Erin: I similarly don't really care about the degree at all. I will say that the training in a Ph.D. program is not, in general – even if you're in a CS department – it's not super technical. You're not getting a lot of technical skills. In general, the point of a Ph.D. program is to get the skills to do your own research. You get the skills to frame questions, to figure out what the next question would be if that question fails or becomes unanswerable.
You learn a lot of administrative things, and you also learn about how to run your own research program. It's not a skill that is necessarily something you need to be a data scientist, for what you do every day. But it really just depends on what you want to do. If you are interested in framing questions or running a research organization, then that might be more important to you.
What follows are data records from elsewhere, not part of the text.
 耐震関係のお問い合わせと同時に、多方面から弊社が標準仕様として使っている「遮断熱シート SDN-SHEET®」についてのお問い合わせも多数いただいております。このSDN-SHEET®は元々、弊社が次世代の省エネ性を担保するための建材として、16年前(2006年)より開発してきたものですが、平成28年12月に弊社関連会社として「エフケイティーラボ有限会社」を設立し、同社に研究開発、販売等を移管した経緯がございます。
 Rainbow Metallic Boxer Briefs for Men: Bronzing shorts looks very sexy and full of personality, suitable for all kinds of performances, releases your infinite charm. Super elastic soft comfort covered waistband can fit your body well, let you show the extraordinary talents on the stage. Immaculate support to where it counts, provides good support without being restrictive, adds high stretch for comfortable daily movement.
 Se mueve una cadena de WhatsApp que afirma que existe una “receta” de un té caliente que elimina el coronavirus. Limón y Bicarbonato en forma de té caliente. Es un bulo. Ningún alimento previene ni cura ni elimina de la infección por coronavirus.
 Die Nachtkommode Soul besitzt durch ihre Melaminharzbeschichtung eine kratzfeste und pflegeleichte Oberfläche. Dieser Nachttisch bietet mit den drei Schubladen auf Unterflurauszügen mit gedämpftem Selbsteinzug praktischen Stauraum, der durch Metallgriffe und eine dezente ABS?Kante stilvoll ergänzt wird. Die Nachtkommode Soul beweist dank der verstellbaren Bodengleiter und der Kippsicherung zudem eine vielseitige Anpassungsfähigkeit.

If you're not, and you just care about technical skills and people who are generally curious, then I don't think it matters really at all.
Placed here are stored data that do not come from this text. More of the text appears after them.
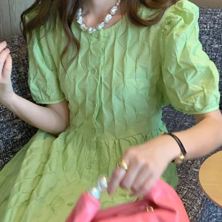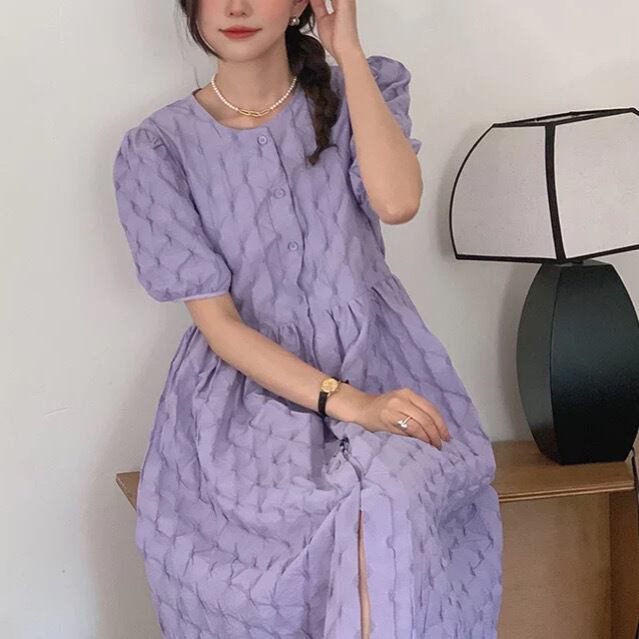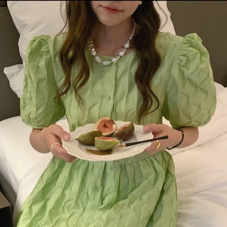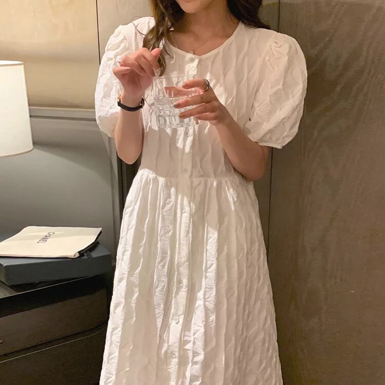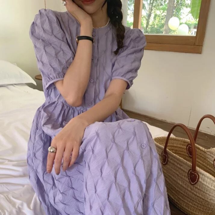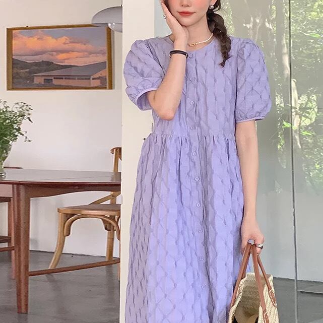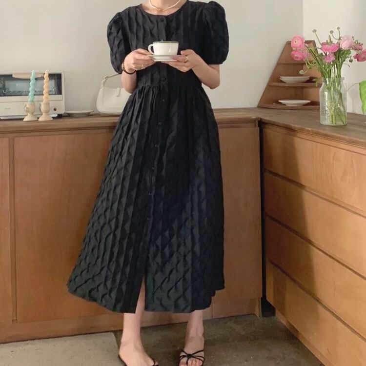 韓国パフスリーブOネック前ボタンダイヤモンドワッフルドレスop2615001
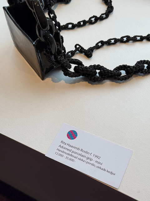 Vi är alla Rita-fan och lite besvikna på placeringen av hennes porslinsväskor. De ÄR verkligen både fina o vackra, men en upphöjning i form av podie, hade ju trots allt taggat upp det. men så är det ju, när nån annan curerar, inte alltid att man själv håller med. De ser helheten och en annan ser det speciella verket.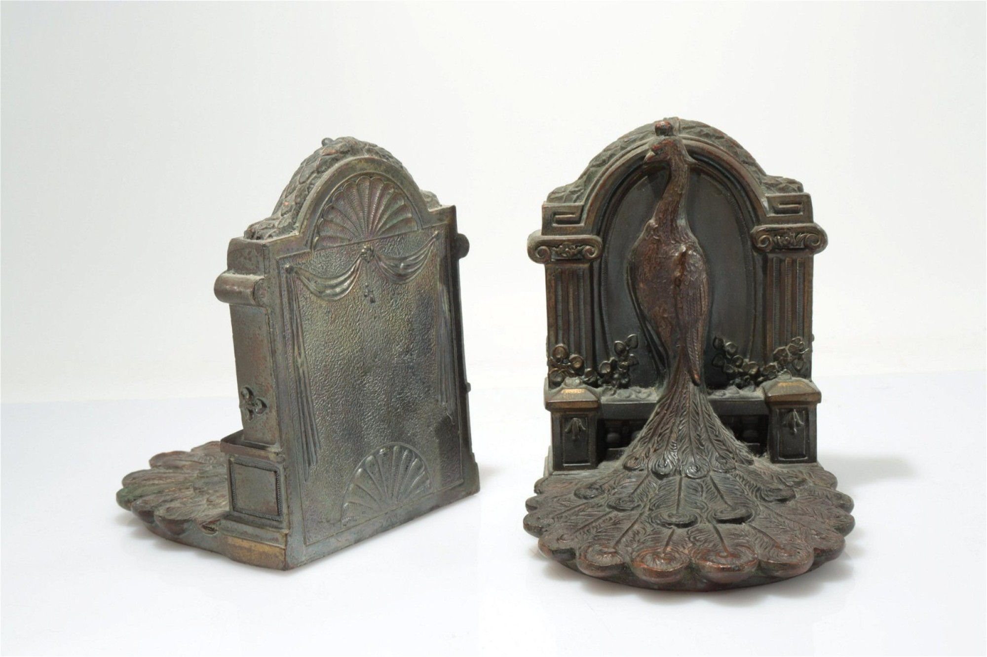 Three Vintage Bookends - Bronze Figurals; Peacocks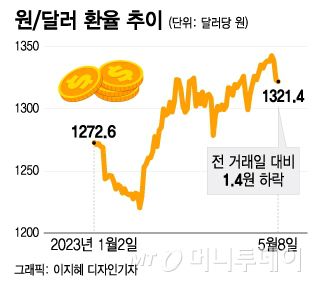 8일 서울 외환시장에서 원/달러 환율은 전 거래일보다 1.4원 내린 1321.4원에 거래를 마쳤다. 3거래일 연속 하락세다.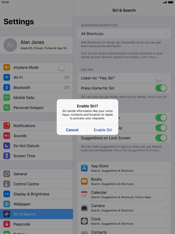 Choose Siri settings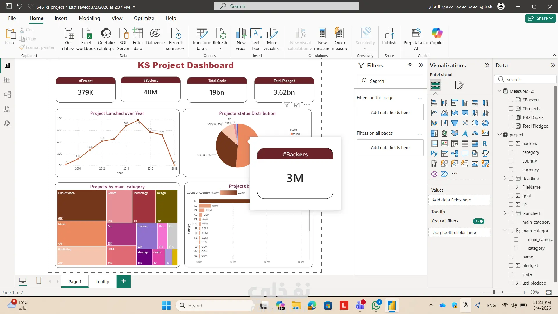 هذا المشروع عبارة عن لوحة تحكم تفاعلية لتحليل بيانات مشاريع التمويل الجماعي (Crowdfunding Dashboard) تم تصميمها باستخدام Power BI، بهدف تقديم رؤى شاملة حول أداء المشاريع واتجاهات التمويل.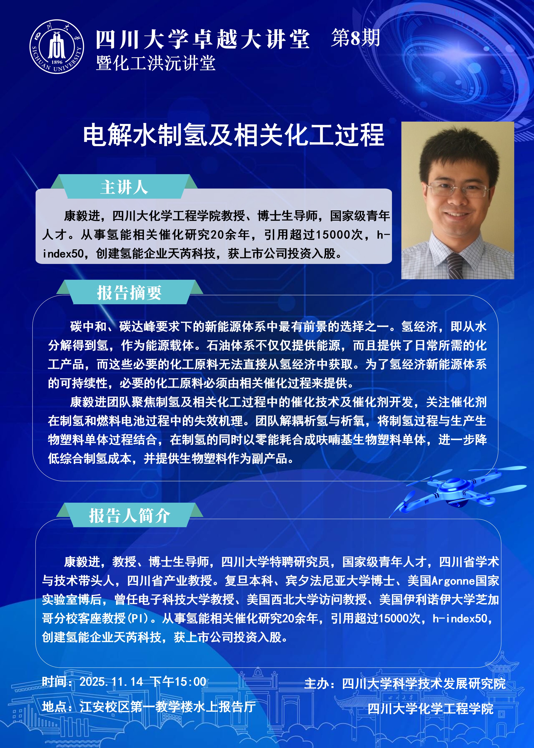 讲座老师 康毅进老师 讲座地点 江安校区水上报告厅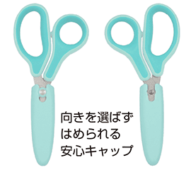 刃先は丸みを帯びた安全な形状で、誤って刃先に触れてもケガをしにくい設計です。表裏を選ばず簡単にはめられる安心キャップ付きで、カバンや道具箱の中で他のものが傷つくのを防止します。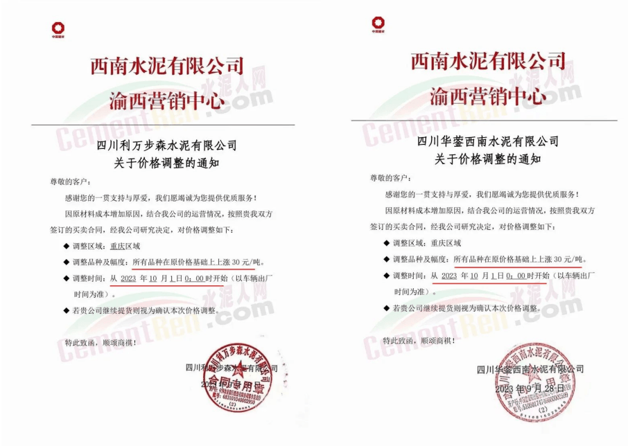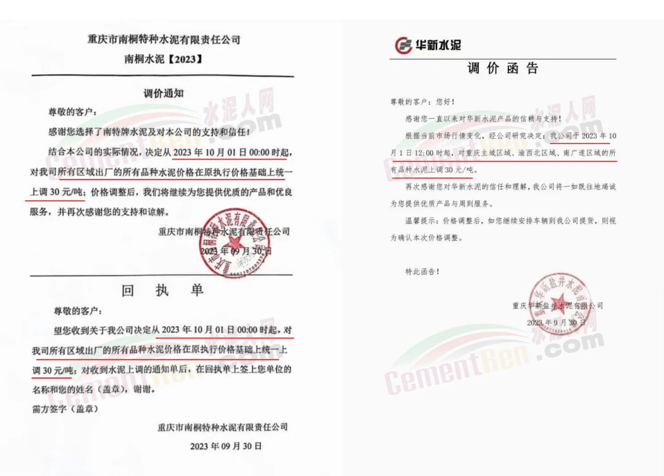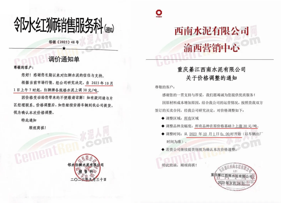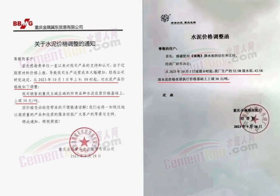 10月1日重庆金隅冀东、华新水泥、红狮水泥、西南水泥渝西营销中心等主要品牌企业通知,上调水泥价格30元/吨。

I would say that mine was not a poor waste of my time, but I was also in a band, doing all kinds of fun stuff, so I recommend grad school.
Claire: One thing I want to say, that I think is an important skill, and not just for data scientists, but definitely for data scientists, is: Not being afraid to admit when you're wrong.
When you're like, "I thought this would totally work," and it didn't work, be okay with that, because that's a big part of what this is. The fast you figure that out, and say, "I was wrong. I thought that'd work, and it didn't." Or, "I tried this out, and whoops." Whatever it is. Then the faster you can recover and get to the next step.
I think that's a really big thing – and especially people entering the field are really nervous to say they're wrong or admit they don't know the answer. The sooner you become okay with saying that, the sooner you can learn more. That's always an opportunity to learn something else.
Q: If you have one piece of advice you want to leave everybody with, what would that advice be?
Claire: I think I've had a theme this whole night, so I'll just repeat that theme, which is: Find your passion, think about what you're interested in – and it's not just data science, it's something else. We all have interests and passions and things that really excite us, and there's always a way to apply data science to it. That's really cool, there's a lot of data out there.
Think to yourself, 'Ok, here's this thing I really like doing on the side, how can I apply data science to this?' I think that's a really good path forward.
Trey: Learning the business, learning the products. Why are people using your product? What are they trying to accomplish with it? Keep asking that, and does the data reflect the actual reason?
Joel: I'm a big skeptic of the long-term demand for data scientists who aren't really solid coders, so become a really solid coder.
Erin: I would say, do things before you feel like you're ready to do them. As an example, applying and doing an interview at a job is a great way to learn how interviews work. I would recommend, for example, applying to your C and B list jobs before your A list jobs, and get some experience doing that. If in your mind, you're telling yourself, "I'm not ready to do this thing." Whatever that is, just do it and you'll learn from the experience and then don't take it personally – it's not about you, you're still a good person.